Permenaker Nomor 2 Tahun 2022 yang mengatur pengambilan Jaminan Hari Tua (JHT) hanya bisa dilakukan di usia 56 tahun tidak tepat dan cenderung merugikan buruh.

oleh Arief Rahman Hakim diperbarui 14 Feb 2022, 14:15 WIB
Diterbitkan 14 Feb 2022, 14:15 WIB
FOTO: Semester I 2020, Klaim Jaminan Kecelakaan Kerja Meningkat 128 persen
Aktivitas pekerja ketinggian di salah satu bagian gedung Pengadilan Negeri Jakarta Pusat, Rabu (18/11/2020). Berdasarkan data BP Jamsostek, angka klaim kecelakaan kerja semester I 2020 meningkat 128% dari periode yang sama 2019, dari 85.109 kasus menjadi 108.573. (Liputan6.com/Helmi Fithriansyah)

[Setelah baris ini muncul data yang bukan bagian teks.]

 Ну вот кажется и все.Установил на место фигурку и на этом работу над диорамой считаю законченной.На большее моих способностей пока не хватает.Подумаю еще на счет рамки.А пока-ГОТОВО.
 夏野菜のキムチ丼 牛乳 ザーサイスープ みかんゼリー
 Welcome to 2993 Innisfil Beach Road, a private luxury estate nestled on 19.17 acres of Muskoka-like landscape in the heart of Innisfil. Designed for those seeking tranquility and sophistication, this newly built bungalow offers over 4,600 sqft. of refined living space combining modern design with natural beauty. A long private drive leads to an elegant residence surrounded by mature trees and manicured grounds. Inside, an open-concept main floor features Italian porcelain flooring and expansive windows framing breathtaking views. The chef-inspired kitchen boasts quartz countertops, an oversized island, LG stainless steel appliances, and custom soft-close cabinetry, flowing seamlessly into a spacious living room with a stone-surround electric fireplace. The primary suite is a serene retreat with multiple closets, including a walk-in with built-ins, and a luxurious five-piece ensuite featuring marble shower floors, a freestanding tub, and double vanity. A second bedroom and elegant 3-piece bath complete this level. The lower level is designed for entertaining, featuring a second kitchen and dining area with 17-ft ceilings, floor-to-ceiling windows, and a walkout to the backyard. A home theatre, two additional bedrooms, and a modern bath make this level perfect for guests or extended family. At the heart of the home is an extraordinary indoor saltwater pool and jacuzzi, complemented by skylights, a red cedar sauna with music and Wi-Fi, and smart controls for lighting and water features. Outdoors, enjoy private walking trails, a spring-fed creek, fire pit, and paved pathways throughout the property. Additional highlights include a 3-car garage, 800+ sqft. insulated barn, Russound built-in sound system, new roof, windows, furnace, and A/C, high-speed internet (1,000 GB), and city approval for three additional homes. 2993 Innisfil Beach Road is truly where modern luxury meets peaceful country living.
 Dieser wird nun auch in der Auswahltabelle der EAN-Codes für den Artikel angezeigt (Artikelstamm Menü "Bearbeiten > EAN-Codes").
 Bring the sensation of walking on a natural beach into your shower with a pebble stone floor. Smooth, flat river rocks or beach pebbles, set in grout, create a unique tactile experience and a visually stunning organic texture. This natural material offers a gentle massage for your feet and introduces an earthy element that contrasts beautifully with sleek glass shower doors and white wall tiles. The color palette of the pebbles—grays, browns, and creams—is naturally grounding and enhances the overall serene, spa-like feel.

Liputan6.com, Jakarta - Anggota Komisi X DPR RI Obon Tabroni memandang aturan baru pencairan Jaminan Hari Tua (JHT) sulit dilaksanakan. Apalagi saat maraknya sistem kerja kontrak dan outsourcing yang tak menjamin pekerja bisa mencapai umur 56 tahun di pekerjaannya.

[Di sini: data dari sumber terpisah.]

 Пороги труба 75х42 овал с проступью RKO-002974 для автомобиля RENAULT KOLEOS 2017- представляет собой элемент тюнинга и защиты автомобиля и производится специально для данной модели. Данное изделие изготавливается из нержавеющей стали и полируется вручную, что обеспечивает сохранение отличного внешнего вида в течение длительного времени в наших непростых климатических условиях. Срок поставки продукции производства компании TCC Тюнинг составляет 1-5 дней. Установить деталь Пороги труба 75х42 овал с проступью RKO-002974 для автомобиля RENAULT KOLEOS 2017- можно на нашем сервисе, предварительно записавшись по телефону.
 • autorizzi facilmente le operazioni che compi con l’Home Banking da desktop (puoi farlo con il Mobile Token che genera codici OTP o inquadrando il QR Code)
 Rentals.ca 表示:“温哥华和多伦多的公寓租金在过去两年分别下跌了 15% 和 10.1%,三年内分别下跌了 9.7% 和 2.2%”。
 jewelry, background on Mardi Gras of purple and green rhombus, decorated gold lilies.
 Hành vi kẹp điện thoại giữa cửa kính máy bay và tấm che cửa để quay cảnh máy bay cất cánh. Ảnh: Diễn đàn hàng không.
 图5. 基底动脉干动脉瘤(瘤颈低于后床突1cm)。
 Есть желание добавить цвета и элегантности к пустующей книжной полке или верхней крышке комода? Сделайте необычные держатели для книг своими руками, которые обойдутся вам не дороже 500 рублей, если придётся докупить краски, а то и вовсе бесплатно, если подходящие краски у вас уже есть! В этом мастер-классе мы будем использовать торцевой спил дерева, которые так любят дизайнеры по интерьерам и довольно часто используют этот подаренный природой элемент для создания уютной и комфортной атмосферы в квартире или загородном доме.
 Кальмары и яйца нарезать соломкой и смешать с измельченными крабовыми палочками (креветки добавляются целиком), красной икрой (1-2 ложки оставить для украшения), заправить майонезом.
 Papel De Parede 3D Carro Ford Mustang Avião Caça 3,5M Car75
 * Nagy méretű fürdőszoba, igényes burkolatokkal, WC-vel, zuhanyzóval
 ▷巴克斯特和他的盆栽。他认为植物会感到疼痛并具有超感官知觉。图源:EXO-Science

Ia menilai Permenaker Nomor 2 Tahun 2022 yang mengatur pengambilan Jaminan Hari Tua (JHT) hanya bisa dilakukan di usia 56 tahun atau ketika buruh meninggal dunia tidak tepat dan cenderung merugikan buruh.

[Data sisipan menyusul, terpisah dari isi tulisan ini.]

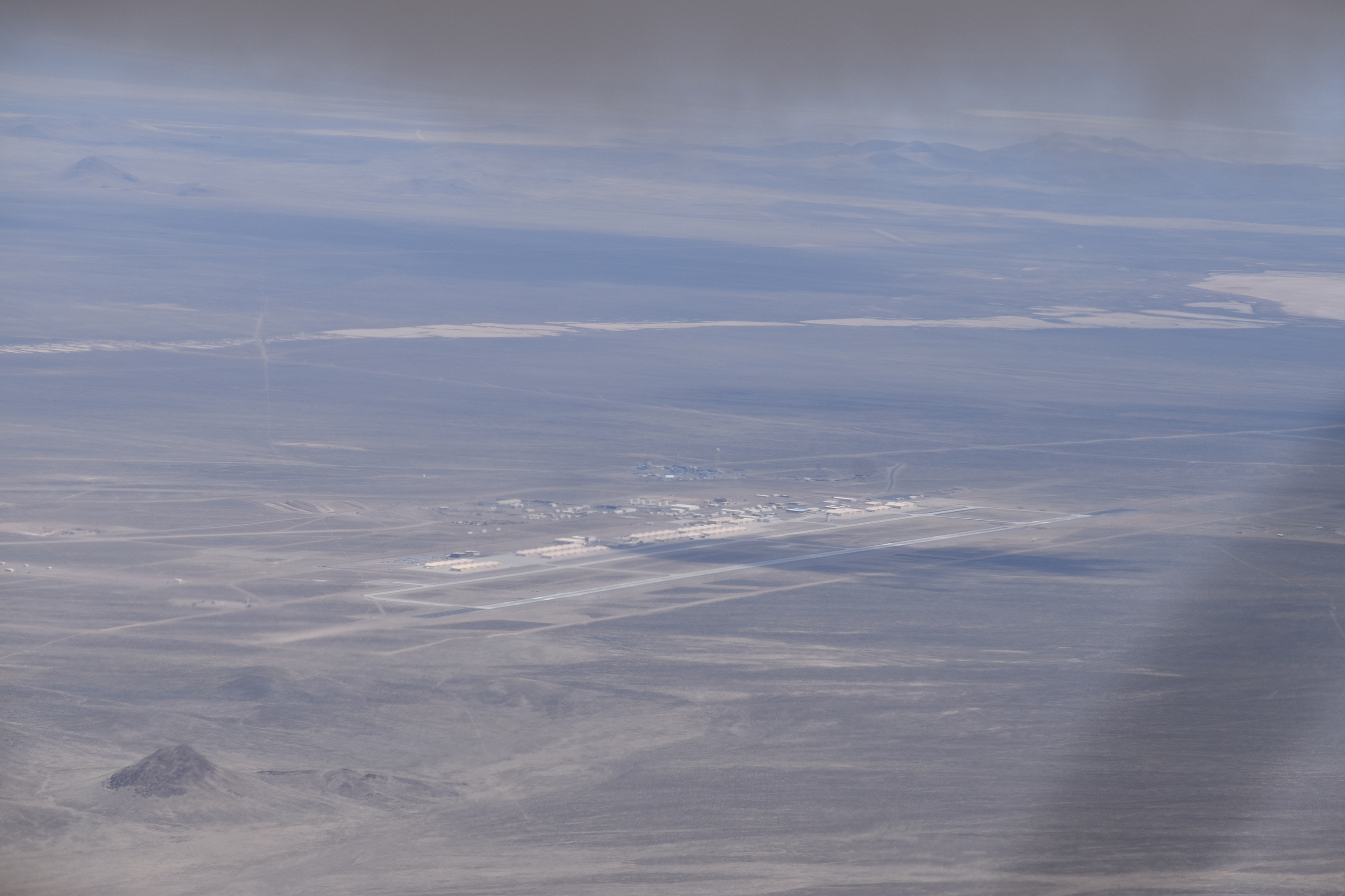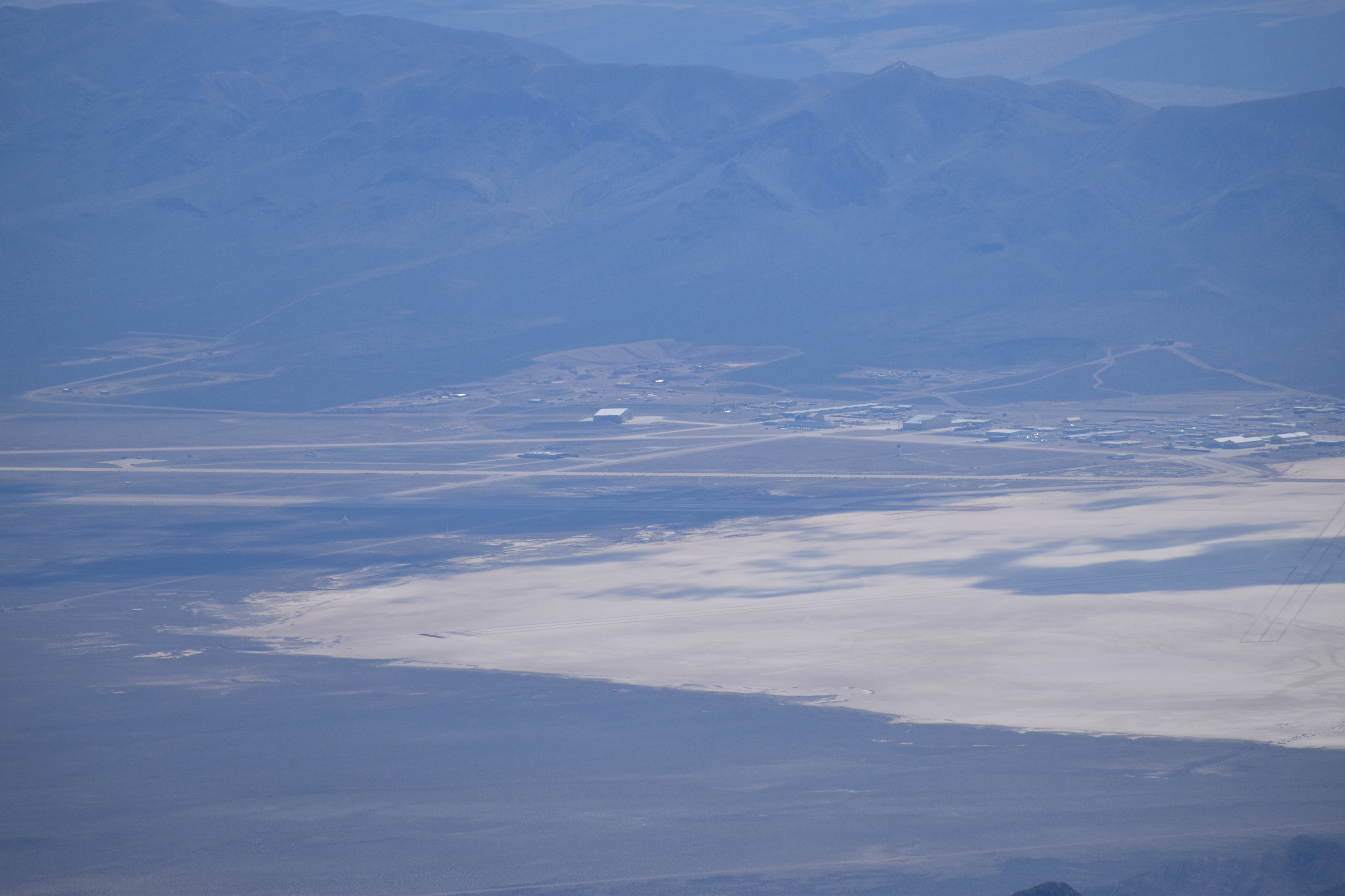 On another of Gabriel Zeifman’s flights around the NTTR, he made a remarkably close pass by Area 51’s southern reaches, resulting in awesome pics of the base being bathed in some beautiful light. Note the partially flooded lakebed, which is a fairly regular occurrence, and the absolutely massive abandoned runway.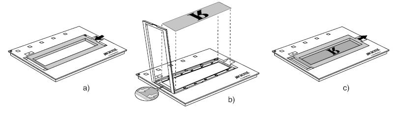 这一部分教您如何使用ArtixScan F2扫描仪的下层平台。扫描透射稿时,有以下两种方式: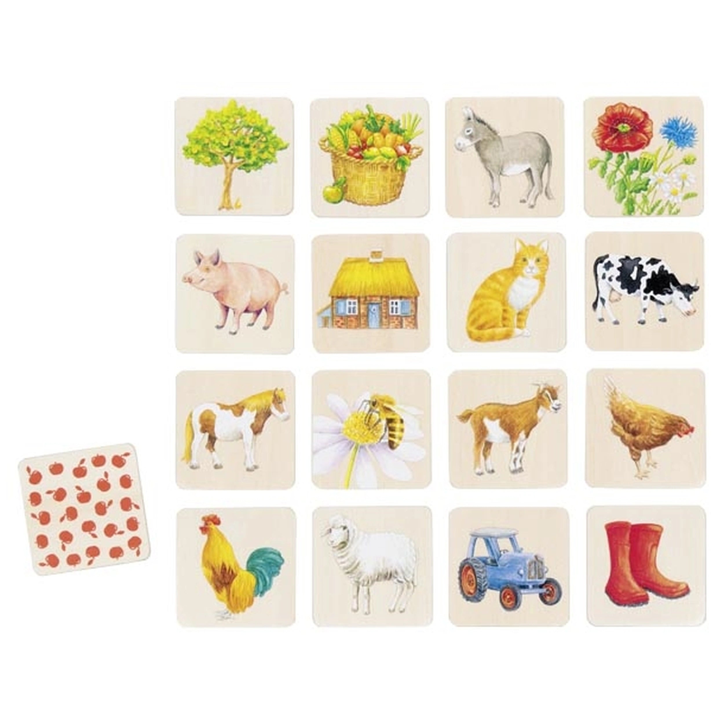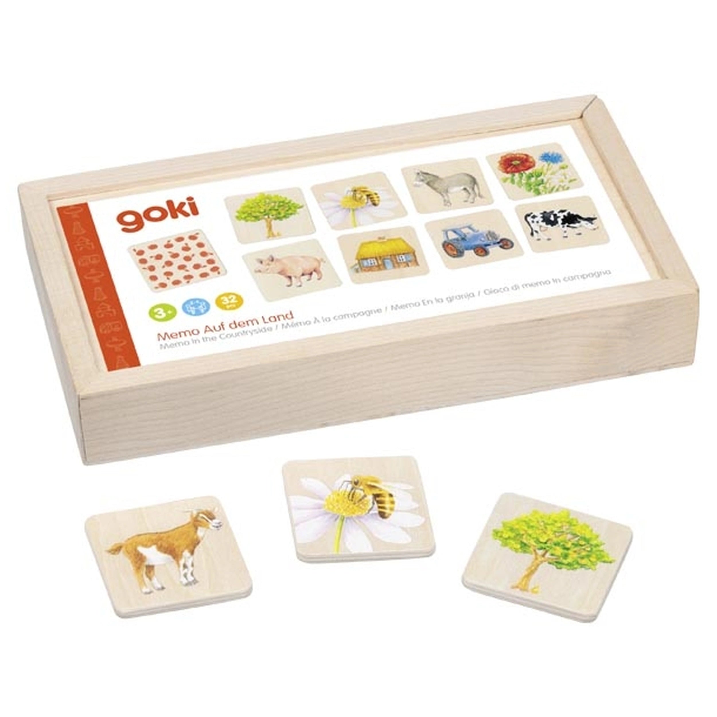 Introducing the GOLLNESS GOKI - Memo In the Countryside, a delightful 32-piece farm memory game designed to engage players of all ages. This charming game features beautifully crafted wooden tiles, each measuring 5 x 5 x 0.5 cm, making them easy to handle for both children and adults. The vibrant illustrations depict various farm animals and scenes, bringing the countryside to life and creating an immersive experience that captivates players from the very first turn.

Dalam beleid sebelumnya, JHT bisa diambil satu bulan setelah buruh tidak lagi bekerja. Sedangkan dengan aturan yang baru, buruh baru bisa mengambil JHT nya setelah berusia 56 tahun.

"Saat ini sistem hubungan kerja cenderung fleksibel. Mudah rekrut dan mudah pecat, dengan sistem kerja kontrak dan outsourcing. Sehingga sangat sulit bagi buruh bisa bekerja hingga usia 56 tahun," kata Obon dalam keterangannya, Senin (14/2/2022).

Buruh kontrak dan outsourcing, lanjutnya, ketika sudah memasuki usia 25 tahun sudah sulit untuk mencari pekerjaan baru. Padahal buruh kontrak tidak mendapatkan pesangon. Dengan uang JHT itu, ia memandang buruh bisa memiliki sedikit modal untuk melanjutkan kehidupan setelah tidak lagi bekerja.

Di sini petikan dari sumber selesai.